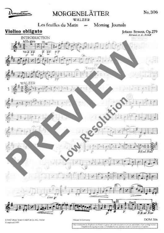 "Morgenblätter - Violin Obligat" Sheet Music by Johann Strauß (Son)
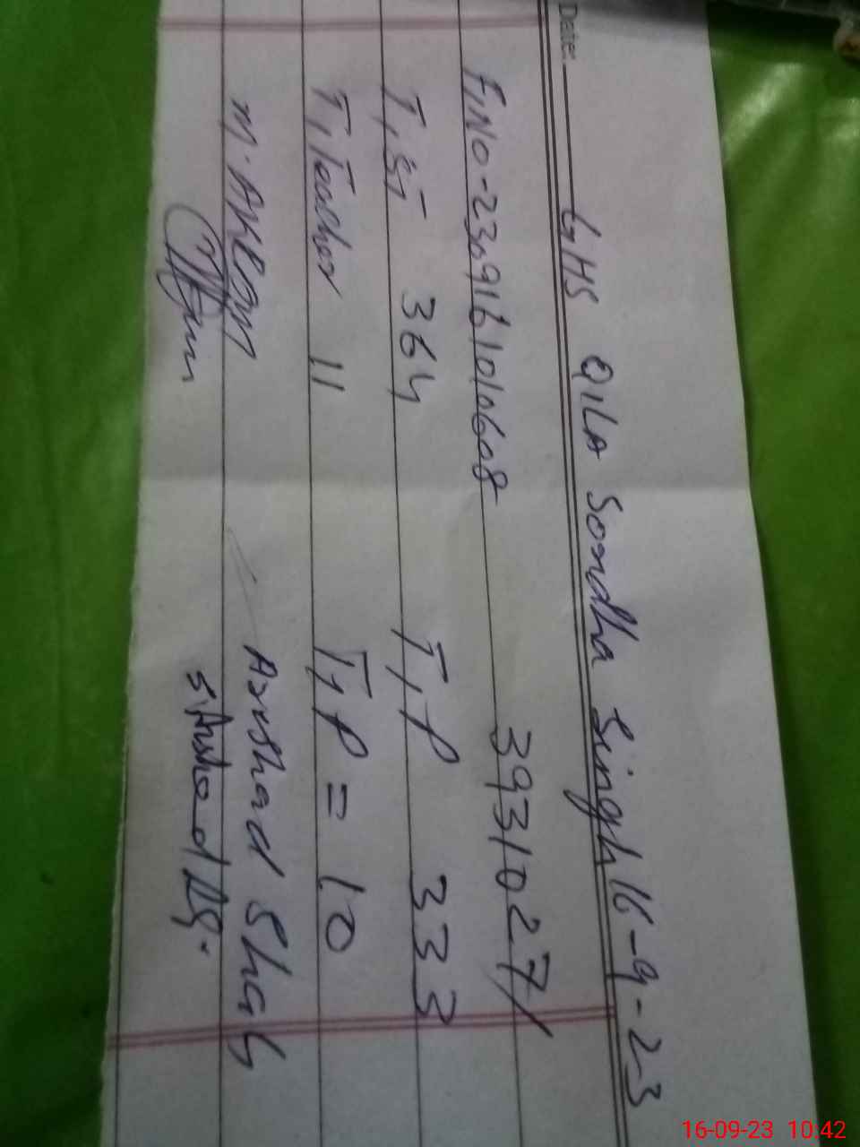 | EMIS Code: 39310271 | Name of School: GHS QILA SONDHA SINGH | |||
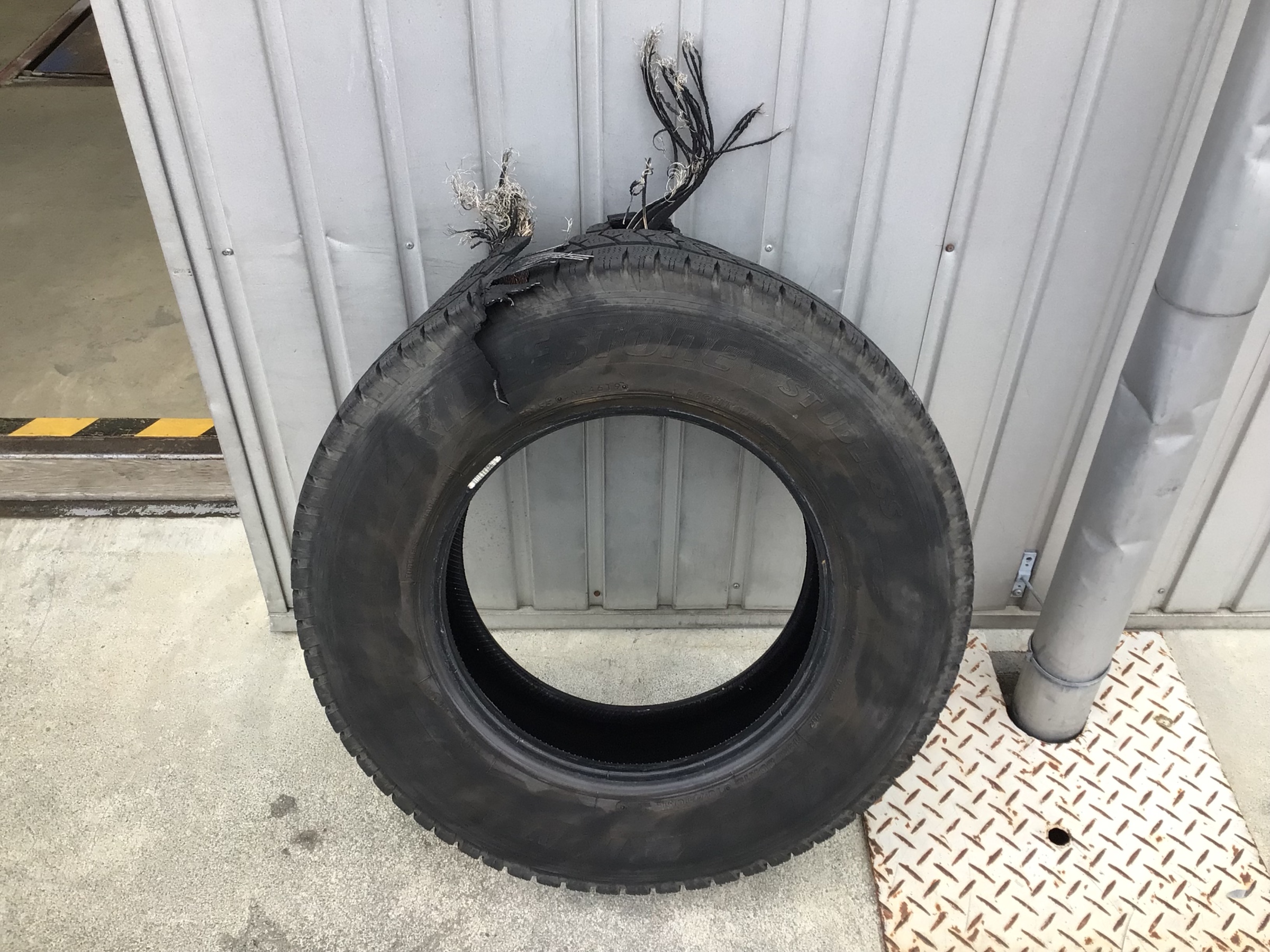 みなさん こんにちは 皆様は、今までタイヤが バーストしてしまった経験はありますか? 先日、バーストしたお客様が来店されました。 タイヤを見ると、 サイドから亀裂が入っているのが分かります。 なぜバーストしてしまったのか 原因は外部からの損傷やタイヤの劣化・空気圧にあります。 走行中縁...
++++++++++++++++++++
Your copy should match the material above exactly, minus its pictures.

 "Morgenblätter - Violin Obligat" Sheet Music by Johann Strauß (Son)
 | EMIS Code: 39310271 | Name of School: GHS QILA SONDHA SINGH | |||
 みなさん こんにちは 皆様は、今までタイヤが バーストしてしまった経験はありますか? 先日、バーストしたお客様が来店されました。 タイヤを見ると、 サイドから亀裂が入っているのが分かります。 なぜバーストしてしまったのか 原因は外部からの損傷やタイヤの劣化・空気圧にあります。 走行中縁...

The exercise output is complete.